_What needs to be done:_ Please set down the data word for word; images do not go in the copy.

_Collected material:_
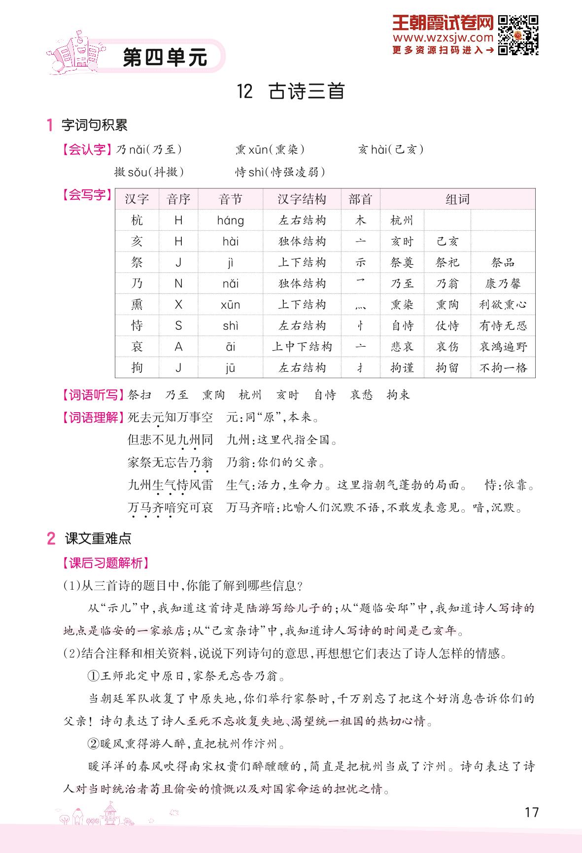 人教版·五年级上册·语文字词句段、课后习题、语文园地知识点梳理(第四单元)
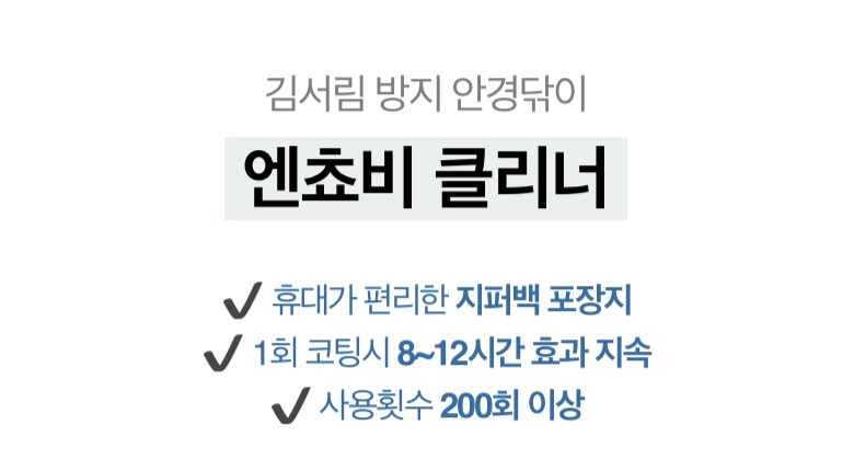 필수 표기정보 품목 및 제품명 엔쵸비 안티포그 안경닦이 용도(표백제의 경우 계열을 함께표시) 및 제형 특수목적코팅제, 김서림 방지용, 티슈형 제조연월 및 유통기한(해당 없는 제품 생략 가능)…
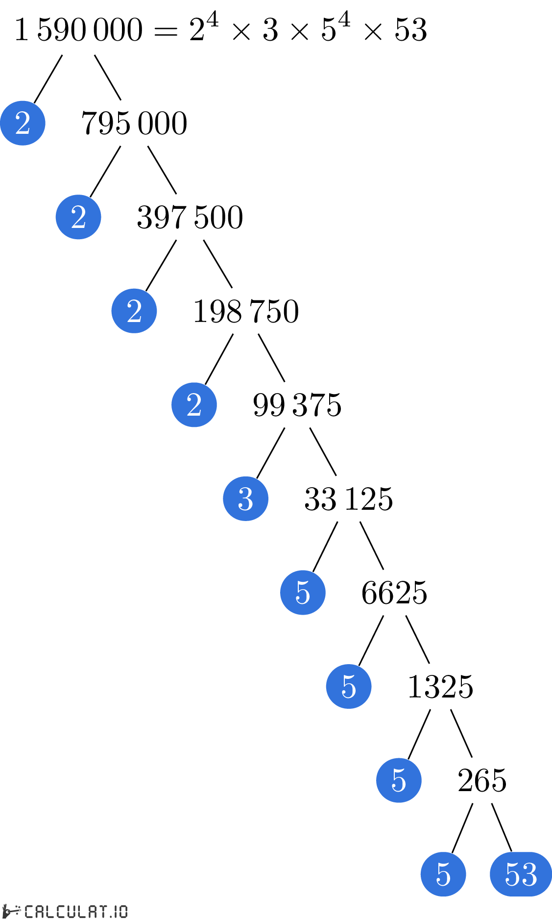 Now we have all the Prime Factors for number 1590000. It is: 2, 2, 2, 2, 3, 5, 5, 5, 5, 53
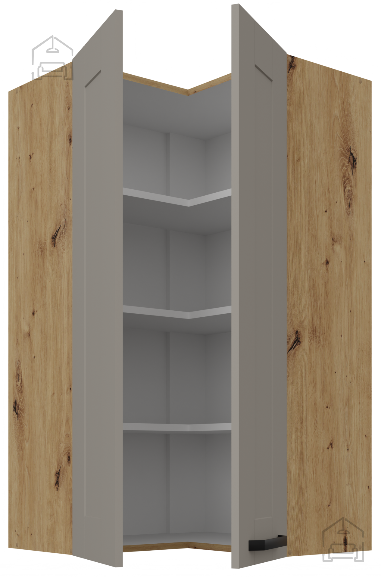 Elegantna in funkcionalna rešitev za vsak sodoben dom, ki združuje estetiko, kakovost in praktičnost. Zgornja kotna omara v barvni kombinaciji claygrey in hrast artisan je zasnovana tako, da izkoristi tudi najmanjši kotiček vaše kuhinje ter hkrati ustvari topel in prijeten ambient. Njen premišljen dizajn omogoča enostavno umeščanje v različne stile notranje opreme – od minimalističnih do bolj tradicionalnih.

_Output for this task:_
 人教版·五年级上册·语文字词句段、课后习题、语文园地知识点梳理(第四单元)
 필수 표기정보 품목 및 제품명 엔쵸비 안티포그 안경닦이 용도(표백제의 경우 계열을 함께표시) 및 제형 특수목적코팅제, 김서림 방지용, 티슈형 제조연월 및 유통기한(해당 없는 제품 생략 가능)…
 Now we have all the Prime Factors for number 1590000. It is: 2, 2, 2, 2, 3, 5, 5, 5, 5, 53
 Elegantna in funkcionalna rešitev za vsak sodoben dom, ki združuje estetiko, kakovost in praktičnost. Zgornja kotna omara v barvni kombinaciji claygrey in hrast artisan je zasnovana tako, da izkoristi tudi najmanjši kotiček vaše kuhinje ter hkrati ustvari topel in prijeten ambient. Njen premišljen dizajn omogoča enostavno umeščanje v različne stile notranje opreme – od minimalističnih do bolj tradicionalnih.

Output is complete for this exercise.